Problem to solve: Please write the listing below out again exactly, leaving every picture behind.

Supplied material:
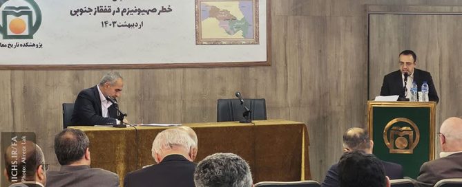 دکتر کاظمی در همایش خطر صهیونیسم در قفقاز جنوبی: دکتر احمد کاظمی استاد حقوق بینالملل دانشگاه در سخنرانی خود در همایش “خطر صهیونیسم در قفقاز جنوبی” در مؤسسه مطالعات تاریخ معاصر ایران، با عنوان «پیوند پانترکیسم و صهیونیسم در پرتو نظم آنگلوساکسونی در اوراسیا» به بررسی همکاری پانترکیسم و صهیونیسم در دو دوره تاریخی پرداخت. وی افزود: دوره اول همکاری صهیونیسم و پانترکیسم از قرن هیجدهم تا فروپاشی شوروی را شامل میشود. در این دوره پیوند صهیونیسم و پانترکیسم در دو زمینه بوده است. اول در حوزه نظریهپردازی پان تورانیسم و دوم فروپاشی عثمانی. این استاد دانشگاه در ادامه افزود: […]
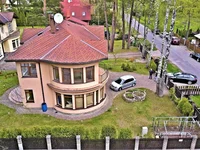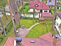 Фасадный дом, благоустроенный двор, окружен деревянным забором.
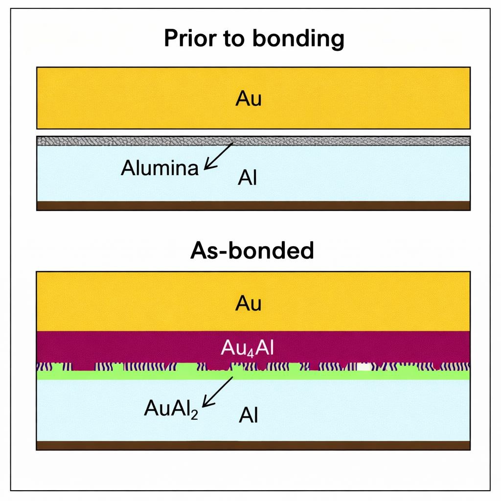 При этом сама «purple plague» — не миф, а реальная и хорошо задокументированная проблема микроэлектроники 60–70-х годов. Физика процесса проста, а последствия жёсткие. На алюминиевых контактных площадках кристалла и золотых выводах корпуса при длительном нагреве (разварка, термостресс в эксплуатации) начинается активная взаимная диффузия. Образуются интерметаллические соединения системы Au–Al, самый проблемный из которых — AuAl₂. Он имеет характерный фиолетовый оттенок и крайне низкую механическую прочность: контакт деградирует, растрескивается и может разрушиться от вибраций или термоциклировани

Response:
 دکتر کاظمی در همایش خطر صهیونیسم در قفقاز جنوبی: دکتر احمد کاظمی استاد حقوق بینالملل دانشگاه در سخنرانی خود در همایش “خطر صهیونیسم در قفقاز جنوبی” در مؤسسه مطالعات تاریخ معاصر ایران، با عنوان «پیوند پانترکیسم و صهیونیسم در پرتو نظم آنگلوساکسونی در اوراسیا» به بررسی همکاری پانترکیسم و صهیونیسم در دو دوره تاریخی پرداخت. وی افزود: دوره اول همکاری صهیونیسم و پانترکیسم از قرن هیجدهم تا فروپاشی شوروی را شامل میشود. در این دوره پیوند صهیونیسم و پانترکیسم در دو زمینه بوده است. اول در حوزه نظریهپردازی پان تورانیسم و دوم فروپاشی عثمانی. این استاد دانشگاه در ادامه افزود: […]
 Фасадный дом, благоустроенный двор, окружен деревянным забором.
 При этом сама «purple plague» — не миф, а реальная и хорошо задокументированная проблема микроэлектроники 60–70-х годов. Физика процесса проста, а последствия жёсткие. На алюминиевых контактных площадках кристалла и золотых выводах корпуса при длительном нагреве (разварка, термостресс в эксплуатации) начинается активная взаимная диффузия. Образуются интерметаллические соединения системы Au–Al, самый проблемный из которых — AuAl₂. Он имеет характерный фиолетовый оттенок и крайне низкую механическую прочность: контакт деградирует, растрескивается и может разрушиться от вибраций или термоциклировани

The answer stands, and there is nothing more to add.